Referring now to FIG. 1 showing a prior art flexographic printer, 10, adapted to embed data in solid image features 90 by modifying the surface of the flexographic plate 70. Ink reservoir 20 is filled with ink against an anilox roller 40 containing an anilox patterned surface 50. Doctor blade 30 skives the ink so that it is primarily filling the anilox patterned surface 50. Filled anilox roll 40 rotates to make contact to the plate roller 60 containing a flexographic printing plate 70 with a raised relief printing surface 80. Raised relief printing surface 80 is previously formed with an image to be printed.
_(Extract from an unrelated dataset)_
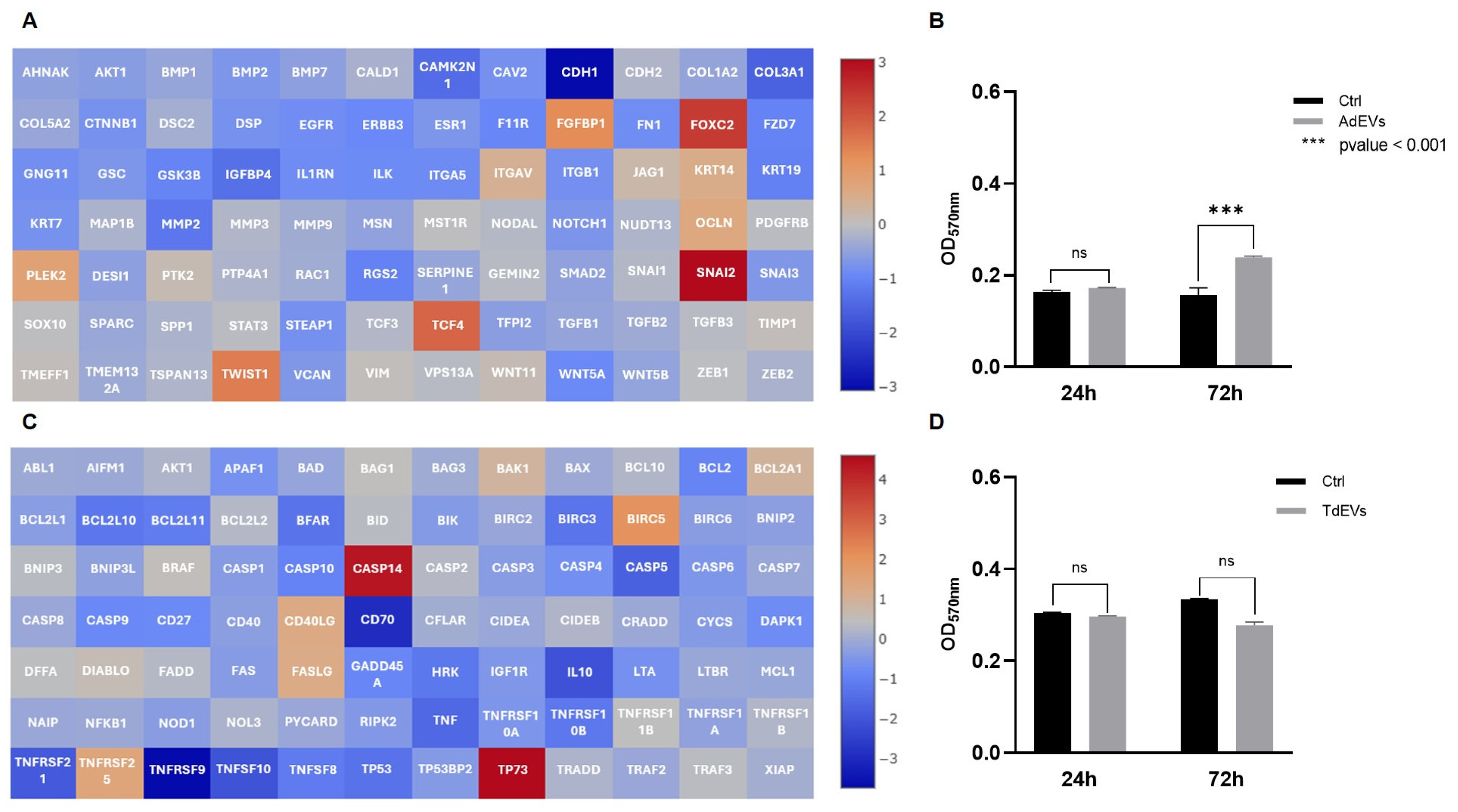Figure 4. Communication between adipocytes and metastatic breast cancer (BC) cells is mediated by extracellular vesicles (EVs). (A,C) Gene expression profile of EV-treated cells: (A) Activation of epithelial-to-mesenchymal transition (EMT) program in metatastic BC cells after adipocyte-derived EV (AdEV) exposure; (C) modulation of apoptotic pathway genes in adipocytes treated with tumor-derived EV (TdEV) from metatastic BC cells. Heat map Log(2) fold change. (B,D) Cell proliferation after EV treatment over a 72 h period: (B) Proliferation of metastatic BC cells after AdEV treatment; (D) adipocyte proliferation following treatment withTdEV from metatastic BC cells. Sample size 9.

Image to be printed contains solid image features 90. Data to be embedded 87 is embedded in the solid features 90 by modifying the surface of the flexographic plate 70 as disclosed by copending commonly-assigned U.S. patent application Ser. Nos. 13/017,260; 13/017,300; and 13/185,846.

Plate roller 60 then rotates to the nip 100 position making contact with a receiver 105 engaged between the printing plate 70 and the impression roller 110. The image is transferred to the receiver 105 creating printed image 120 with embedded data 130.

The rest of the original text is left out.